In a statement on the ABC website, the broadcaster says an online article by Louise Milligan about an alleged historical rape in 1988 will remain online.
"All parties have agreed to not pursue the matter any further. No damages will be paid," the statement read.
"The ABC stands by the importance of the article, which reported on matters of significant public interest, and the article remains online."
Mr Porter told reporters on Monday afternoon that the article was "sensationalist, one-sided, unfair".
"It should never have been reported," he said.
"It has been very difficult. No-one would want to take on the ABC in defamation, particularly not when they said to me that they would defend this right down to the end."

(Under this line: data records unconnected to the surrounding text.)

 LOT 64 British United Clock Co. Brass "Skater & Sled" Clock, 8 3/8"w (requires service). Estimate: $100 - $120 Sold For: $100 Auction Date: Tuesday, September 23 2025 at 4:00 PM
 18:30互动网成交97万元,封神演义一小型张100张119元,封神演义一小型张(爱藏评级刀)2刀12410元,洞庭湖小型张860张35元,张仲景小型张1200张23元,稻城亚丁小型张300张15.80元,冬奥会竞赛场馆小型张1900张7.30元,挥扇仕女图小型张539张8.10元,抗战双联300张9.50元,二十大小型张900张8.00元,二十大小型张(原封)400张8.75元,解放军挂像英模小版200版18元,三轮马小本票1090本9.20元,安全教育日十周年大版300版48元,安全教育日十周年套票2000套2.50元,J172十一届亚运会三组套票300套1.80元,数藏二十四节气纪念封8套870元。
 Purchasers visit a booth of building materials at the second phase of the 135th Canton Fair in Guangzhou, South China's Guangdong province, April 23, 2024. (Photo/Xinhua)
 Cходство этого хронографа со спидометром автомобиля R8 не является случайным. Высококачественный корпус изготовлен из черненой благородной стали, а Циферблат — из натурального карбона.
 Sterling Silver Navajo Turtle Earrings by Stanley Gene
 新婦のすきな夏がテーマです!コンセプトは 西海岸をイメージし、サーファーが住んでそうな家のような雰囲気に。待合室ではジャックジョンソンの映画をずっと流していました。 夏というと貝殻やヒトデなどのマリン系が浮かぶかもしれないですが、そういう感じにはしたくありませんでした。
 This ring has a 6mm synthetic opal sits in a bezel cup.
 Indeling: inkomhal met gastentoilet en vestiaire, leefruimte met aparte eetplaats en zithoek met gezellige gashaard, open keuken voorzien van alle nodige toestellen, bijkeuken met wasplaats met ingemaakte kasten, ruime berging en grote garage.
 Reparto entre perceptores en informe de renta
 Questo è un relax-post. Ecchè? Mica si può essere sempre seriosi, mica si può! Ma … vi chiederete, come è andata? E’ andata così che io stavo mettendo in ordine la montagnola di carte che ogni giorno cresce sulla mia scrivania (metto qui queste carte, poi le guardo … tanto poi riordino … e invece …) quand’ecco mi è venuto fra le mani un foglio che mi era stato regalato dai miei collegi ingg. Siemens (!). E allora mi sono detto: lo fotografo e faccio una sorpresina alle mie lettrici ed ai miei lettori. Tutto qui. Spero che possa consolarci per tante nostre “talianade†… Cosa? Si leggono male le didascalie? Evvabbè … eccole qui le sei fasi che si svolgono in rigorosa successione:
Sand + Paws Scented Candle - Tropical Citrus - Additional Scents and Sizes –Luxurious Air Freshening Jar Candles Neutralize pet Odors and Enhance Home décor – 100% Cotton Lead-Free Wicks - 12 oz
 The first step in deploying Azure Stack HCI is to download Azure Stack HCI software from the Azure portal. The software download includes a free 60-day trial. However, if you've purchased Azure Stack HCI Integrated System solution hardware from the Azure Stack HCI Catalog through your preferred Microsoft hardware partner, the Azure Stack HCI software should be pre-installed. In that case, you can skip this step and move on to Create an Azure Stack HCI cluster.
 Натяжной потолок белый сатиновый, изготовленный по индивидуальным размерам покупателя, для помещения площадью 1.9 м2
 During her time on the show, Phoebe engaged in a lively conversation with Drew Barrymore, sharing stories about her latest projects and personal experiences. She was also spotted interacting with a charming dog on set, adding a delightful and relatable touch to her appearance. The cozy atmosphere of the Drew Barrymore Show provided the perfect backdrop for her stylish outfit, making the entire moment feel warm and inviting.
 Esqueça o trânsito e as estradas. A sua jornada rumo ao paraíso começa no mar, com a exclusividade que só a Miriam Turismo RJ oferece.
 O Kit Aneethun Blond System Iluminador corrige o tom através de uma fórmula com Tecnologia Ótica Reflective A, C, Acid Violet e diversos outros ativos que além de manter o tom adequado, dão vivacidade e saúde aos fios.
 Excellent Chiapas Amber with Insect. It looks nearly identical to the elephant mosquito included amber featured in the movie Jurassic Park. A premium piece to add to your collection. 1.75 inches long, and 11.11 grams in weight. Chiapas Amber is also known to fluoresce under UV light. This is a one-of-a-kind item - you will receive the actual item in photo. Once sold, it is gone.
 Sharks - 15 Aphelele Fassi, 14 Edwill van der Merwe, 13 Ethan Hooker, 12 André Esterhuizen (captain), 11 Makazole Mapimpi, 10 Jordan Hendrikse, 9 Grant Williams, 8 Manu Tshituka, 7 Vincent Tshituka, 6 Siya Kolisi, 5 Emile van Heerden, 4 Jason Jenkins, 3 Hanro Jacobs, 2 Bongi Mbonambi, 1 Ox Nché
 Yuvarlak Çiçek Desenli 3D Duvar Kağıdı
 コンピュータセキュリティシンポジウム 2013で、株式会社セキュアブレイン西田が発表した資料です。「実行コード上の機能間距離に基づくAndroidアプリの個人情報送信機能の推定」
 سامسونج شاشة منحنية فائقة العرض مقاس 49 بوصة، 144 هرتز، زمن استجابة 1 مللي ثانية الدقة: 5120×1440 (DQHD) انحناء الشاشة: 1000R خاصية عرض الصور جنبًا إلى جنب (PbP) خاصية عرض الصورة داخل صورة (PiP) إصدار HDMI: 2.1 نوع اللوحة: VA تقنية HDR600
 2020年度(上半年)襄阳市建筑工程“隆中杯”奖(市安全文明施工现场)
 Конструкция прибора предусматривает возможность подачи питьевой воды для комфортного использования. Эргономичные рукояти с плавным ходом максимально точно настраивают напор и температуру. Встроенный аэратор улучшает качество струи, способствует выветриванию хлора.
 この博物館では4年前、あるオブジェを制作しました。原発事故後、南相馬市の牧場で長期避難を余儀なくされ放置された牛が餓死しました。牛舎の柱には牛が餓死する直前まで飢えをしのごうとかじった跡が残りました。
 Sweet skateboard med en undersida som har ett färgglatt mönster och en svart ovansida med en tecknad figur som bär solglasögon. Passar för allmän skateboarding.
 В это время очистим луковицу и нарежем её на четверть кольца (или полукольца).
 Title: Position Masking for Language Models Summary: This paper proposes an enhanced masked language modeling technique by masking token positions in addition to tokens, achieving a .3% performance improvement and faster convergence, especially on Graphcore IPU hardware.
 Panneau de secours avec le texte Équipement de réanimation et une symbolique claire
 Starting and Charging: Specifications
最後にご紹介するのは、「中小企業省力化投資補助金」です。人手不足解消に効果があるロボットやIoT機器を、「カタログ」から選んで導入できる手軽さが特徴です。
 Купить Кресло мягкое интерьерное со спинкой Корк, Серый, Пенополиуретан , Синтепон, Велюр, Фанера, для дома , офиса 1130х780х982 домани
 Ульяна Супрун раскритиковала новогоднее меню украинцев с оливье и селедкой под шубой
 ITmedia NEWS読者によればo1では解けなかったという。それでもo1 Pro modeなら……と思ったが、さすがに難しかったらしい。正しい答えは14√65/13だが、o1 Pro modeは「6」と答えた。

Mr Porter says the ABC came to him with a request for mediation last week.
"I will observe their terms of the agreement which are confidential," he added.
The ABC said it stands by its journalist, Ms Milligan.
Mr Porter outed himself on March 3, nearly a week after the article was published, as the senior cabinet minister referred to in the allegations. He filed a legal claim on March 15, alleging the ABC and Ms Milligan made imputations he raped a 16-year-old girl in 1988.
The article at the heart of the matter has been updated with this editor's note:
"On 26 February 2021, the ABC published an article by Louise Milligan. That article was about a letter to the Prime Minister containing allegations against a senior cabinet minister. Although he was not named, the article was about the Attorney-General Christian Porter.
"The ABC did not intend to suggest that Mr Porter had committed the criminal offences alleged. The ABC did not contend that the serious accusations could be substantiated to the applicable legal standard - criminal or civil. However, both parties accept that some readers misinterpreted the article as an accusation of guilt against Mr Porter. That reading, which was not intended by the ABC, is regretted."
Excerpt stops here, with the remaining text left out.